1) Rubber grease/assembly grease (as mentioned above)
2) Right behind that, lubricating oil. This is a thick, sticky oil that's supposed to keep the felt ring drenched and it lubricates the seal. In other words, it should always seep a little bit otherwise the seal runs dry. When this runs dry, you know the shock is "empty" and needs a service.On Fox shocks this oil is blue, on Rock Shox, it is red. However, non-branded oils could be a different colour. 
3) Damping oil. This should never leave the shock at all. It is a very lightweight oil and usually yellow. 

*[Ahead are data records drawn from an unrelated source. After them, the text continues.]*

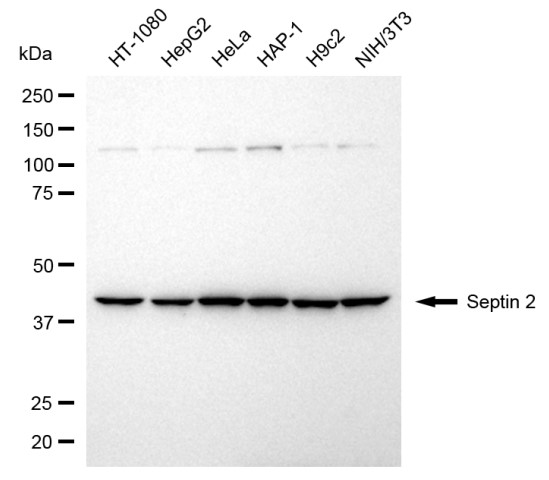 Western blotting analysis using septin 2 antibody. Total cell lysates (30 μg) from various cell lines were loaded and separated by SDS-PAGE. The blot was incubated with septin 2 antibody and HRP-conjugated goat anti-rabbit secondary antibody respectively.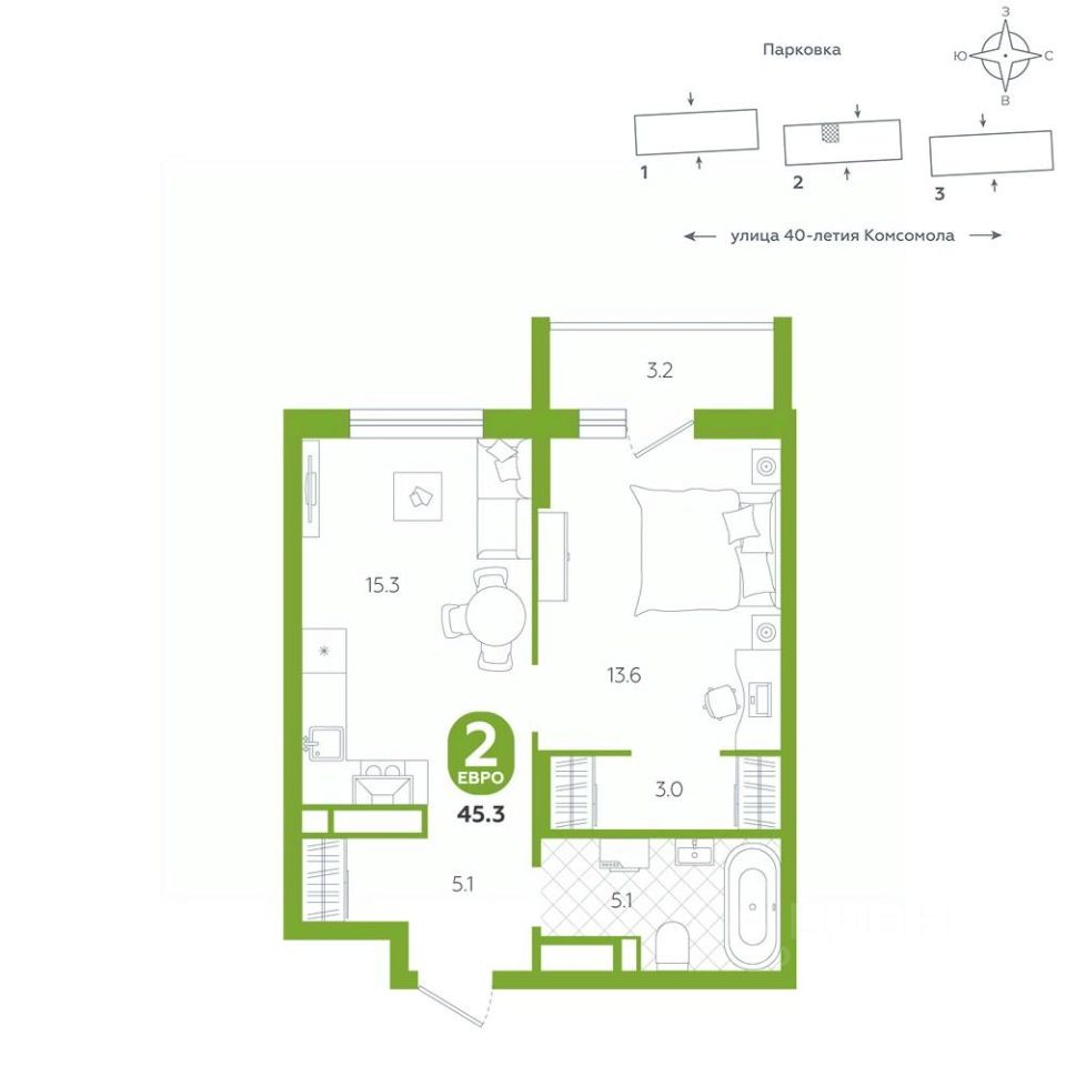 Квартира располагается в ЖК "Комсомольский" — жилом комплексе комфорт-класса. Здесь вы будете наслаждаться беззаботной жизнью, ведь ваш дом — воплощение практичности, безопасности и надежности. Для удобства предусмотрены колясочные на первых этажах домов, где можно оставить велосипеды и коляски в тепле. За безопасность отвечают система электронных ключей и видеонаблюдение. Еще здесь собственная котельная, поэтому в доме всегда будут горячая вода и оплата счетов только за фактически потребленное тепло.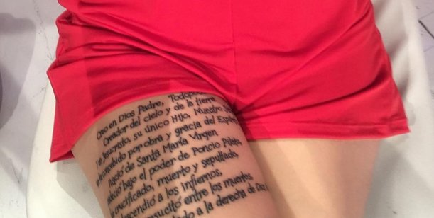 A través de las redes sociales, la ex de Fede Bal mostró su pierna con el Credo Católico sellado en su piel.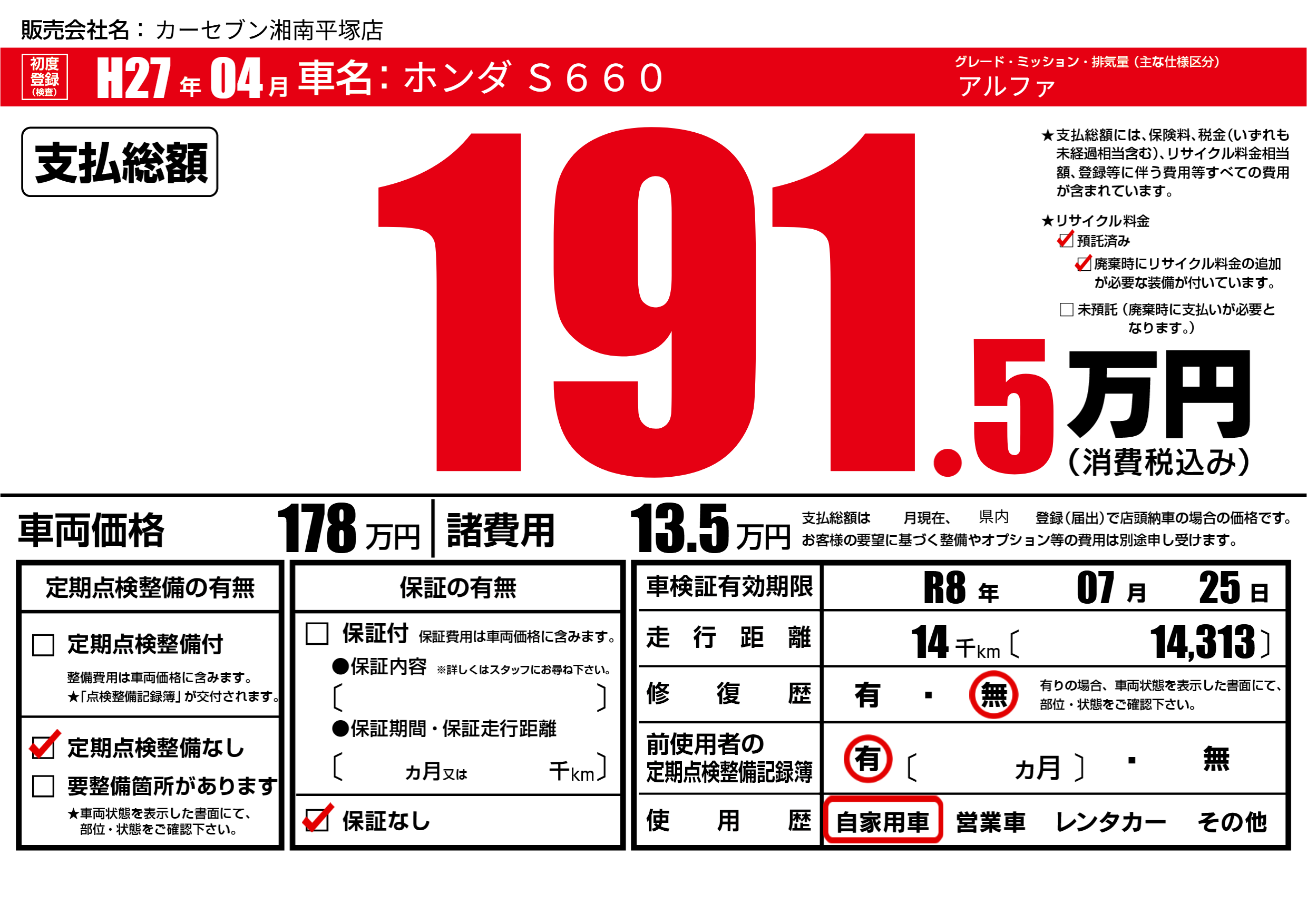 | 走行キロ | 1.4万km | 初年度登録 | H27年04月 |

For now, the oil on your shock looks a little bit excessive but let's see after a second and subsequent ride. There is no imminent danger.


----------



## Jody (21 Jul 2017)

How recent was it rebuilt under warranty? Personally it has way too much oil on for my liking even if it had a couple of weeks wroth of hard riding and would be going back to the shop.


----------



## Tom B (21 Jul 2017)

Yellow Saddle said:


> Wipe it clean and go for another ride and take some more pictures. I'd like to have a look again. Make a note of the colour of the oil on the cloth you use to wipe.
> At the end of a ride, there should be an oily ring at the end of the shock's stroke. It should never be dry after riding.
> Directly after a service it is normal for it to leave a bigger ring of oil than after ten rides. This is because assembly grease is inserted behind the lip seal you can see at the end of the canister and the felt ring that sits behind that. This grease is of the type that drips oil under pressure. All excess will work out within a few rides. If it doesn't, then you have a leak.
> A shock like that has three types of oil inside.
> ...



From what I managed to get on the end of my grubby finger when the photo was taken the oil seemed light yellow like vegetable oil which it had a similar consistency to. I cant say if there was a similar build up on previous rides as I didn't pay attention (too busy nursing my wounds). Thinking about it, it wasn't cleaned after the ride before this one. So that is probably 5-6hours worth of use - If I am honest it wont have have much more than a a quick wipe since the rebuild as my rides havent been particularly wet or mucky.



Jody said:


> How recent was it rebuilt under warranty? Personally it has way too much oil on for my liking even if it had a couple of weeks wroth of hard riding and would be going back to the shop.



A couple of weeks ago, it was sent back for knocking under light compression on cobbles etc.
Since it has seen 3-4 rides only 2 were quite rough.

I will give it another ride and see what happens - Thanks for your advice.


----------